*EXERCISE GOAL*
The full set of entries is to be printed exactly, with pictures excluded.

Stored items
# # #
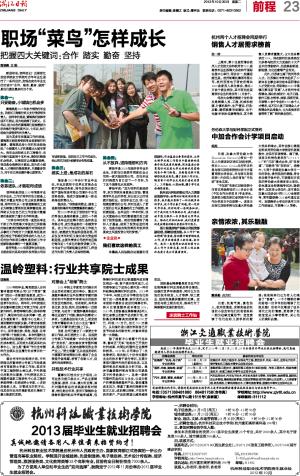 而2008年毕业于该校会计专业的符佳也是踏实勤奋上进的一个例子。其毕业后应聘于浙江圣邦实业有限公司,成为资金部的一名融资专员。在工作三年后因为其工作能力突出,被提拔为资金部经理助理,而后仅仅半年时间又被任命为资金部副经理,主要负责该公司杭州地区银行每年近6个多亿的融资贷款工作,今年由于公司新组建业务部门,符佳还作为部门负责人回母校招聘。
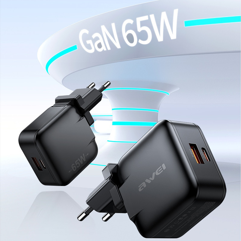 آداپتور شارژ سریع AWEI مدل PD55-EU دارای 2 پورت، یکی Type C و دیگری USB است که از پروتکل PD و QC و… نیز پشتیبانی میکند. همچنین اوی در طراحی این شارژر بر روی ابعاد شارژر جهت استفاده راحتتر هم مانور داده است. این شارژر دارای پین تبدیل دوشاخ امریکایی به دوشاخ معمولی میباشد و از هر دوی این حالت ها بستگی به شرایط میتوانید استفاده کنید . خروجی تایپ C این شارژر دارای توان حداکثر 65 وات و خروجی USB Type A آن دارای توان حداکثر 27 وات میباشد . همچنین اگر همزمان از دو پورت خروجی آن استفاده کنید تواین خروجی تایپ سی 45 وات و خروجی Type A ده وات خواهد بود.
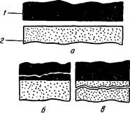 Рис. 1. Схемы испытаний по отслаиванию жестких материалов: а — внецентренное растяжение для блочных материалов; б — изгиб для плиточного и листового материалов; в — изгиб для листового материала; а—консольный изгиб.
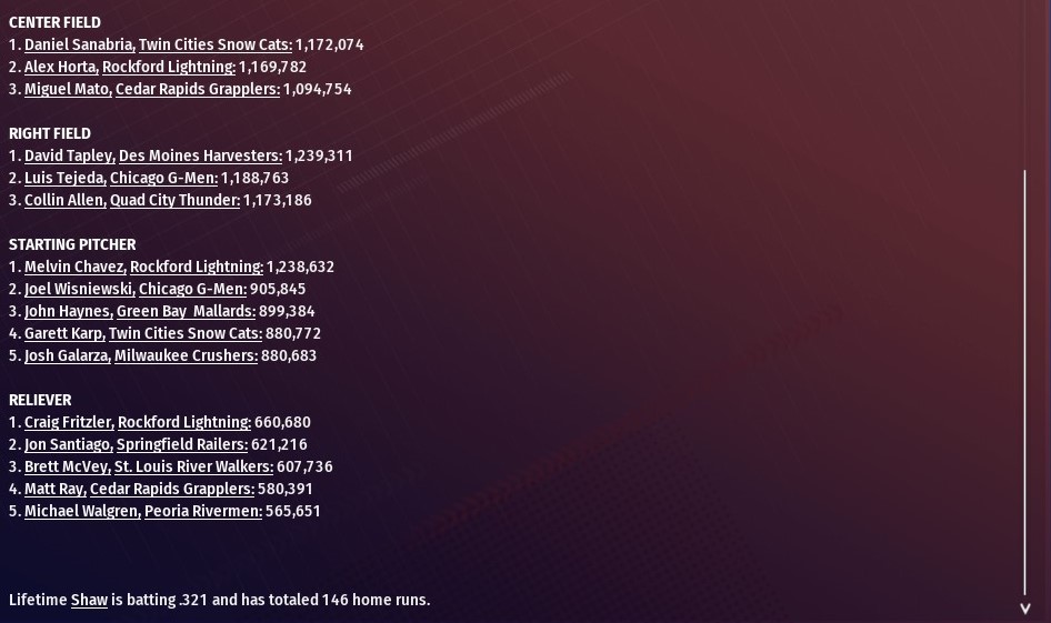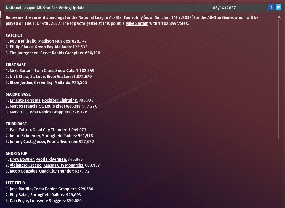 Former River Walker pitcher Jim Martin shut out St. Louis over 8.1 innings and the Madison bullpen finished the job, as the Muskies won 7-0 at Busch Stadium (2006). Martin (6-2), who spent the 2034 and part the 2035 seasons before being traded to Louisville, allowed four hits (three singles and a double) in his 8.1 innings on the mound. He struck out four and walked two. Martin exited the game after giving up a one-out single to Jackson Miller in the bottom of the ninth. Robert Chacon took over and recorded a pair of fly outs to end it. The Muskies jumped on St. Louis starting pitcher Xavier Wigfall for a run in the first. It came via back-to-back one-out doubles from Brady House and Tyler Hamilton. Madison added two more runs off Wigfall in the fifth. Hamilton and former Walker Dan Hillard plated the runs with RBI singles. Adam Macklin smacked a solo homer off Wigfall in the sixth as the lead reached 4-0. The rest of the damage came against the Walkers bullpen. Brett McVey gave up a run in the eighth. Mark Holland tripled with one out and scored on a Kevin Militello single. Armando Cintron surrendered two runs in the ninth. Holland had an RBI single. Militello plated the game's final run with a double. |
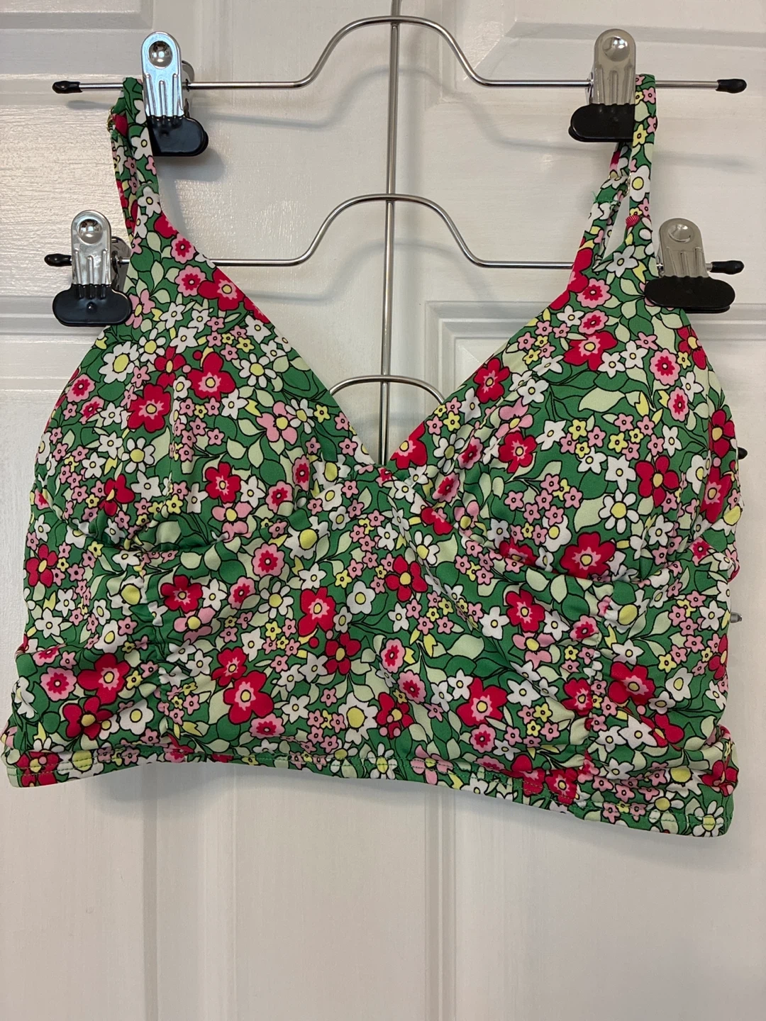 118A cute floral print top! It features a green background with pink, red, and white flowers. Perfect for adding a pop of colour to your wardrobe
# # #
*ANSWER SECTION*
 而2008年毕业于该校会计专业的符佳也是踏实勤奋上进的一个例子。其毕业后应聘于浙江圣邦实业有限公司,成为资金部的一名融资专员。在工作三年后因为其工作能力突出,被提拔为资金部经理助理,而后仅仅半年时间又被任命为资金部副经理,主要负责该公司杭州地区银行每年近6个多亿的融资贷款工作,今年由于公司新组建业务部门,符佳还作为部门负责人回母校招聘。
 آداپتور شارژ سریع AWEI مدل PD55-EU دارای 2 پورت، یکی Type C و دیگری USB است که از پروتکل PD و QC و… نیز پشتیبانی میکند. همچنین اوی در طراحی این شارژر بر روی ابعاد شارژر جهت استفاده راحتتر هم مانور داده است. این شارژر دارای پین تبدیل دوشاخ امریکایی به دوشاخ معمولی میباشد و از هر دوی این حالت ها بستگی به شرایط میتوانید استفاده کنید . خروجی تایپ C این شارژر دارای توان حداکثر 65 وات و خروجی USB Type A آن دارای توان حداکثر 27 وات میباشد . همچنین اگر همزمان از دو پورت خروجی آن استفاده کنید تواین خروجی تایپ سی 45 وات و خروجی Type A ده وات خواهد بود.
 Рис. 1. Схемы испытаний по отслаиванию жестких материалов: а — внецентренное растяжение для блочных материалов; б — изгиб для плиточного и листового материалов; в — изгиб для листового материала; а—консольный изгиб.
 Former River Walker pitcher Jim Martin shut out St. Louis over 8.1 innings and the Madison bullpen finished the job, as the Muskies won 7-0 at Busch Stadium (2006). Martin (6-2), who spent the 2034 and part the 2035 seasons before being traded to Louisville, allowed four hits (three singles and a double) in his 8.1 innings on the mound. He struck out four and walked two. Martin exited the game after giving up a one-out single to Jackson Miller in the bottom of the ninth. Robert Chacon took over and recorded a pair of fly outs to end it. The Muskies jumped on St. Louis starting pitcher Xavier Wigfall for a run in the first. It came via back-to-back one-out doubles from Brady House and Tyler Hamilton. Madison added two more runs off Wigfall in the fifth. Hamilton and former Walker Dan Hillard plated the runs with RBI singles. Adam Macklin smacked a solo homer off Wigfall in the sixth as the lead reached 4-0. The rest of the damage came against the Walkers bullpen. Brett McVey gave up a run in the eighth. Mark Holland tripled with one out and scored on a Kevin Militello single. Armando Cintron surrendered two runs in the ninth. Holland had an RBI single. Militello plated the game's final run with a double. |
 118A cute floral print top! It features a green background with pink, red, and white flowers. Perfect for adding a pop of colour to your wardrobe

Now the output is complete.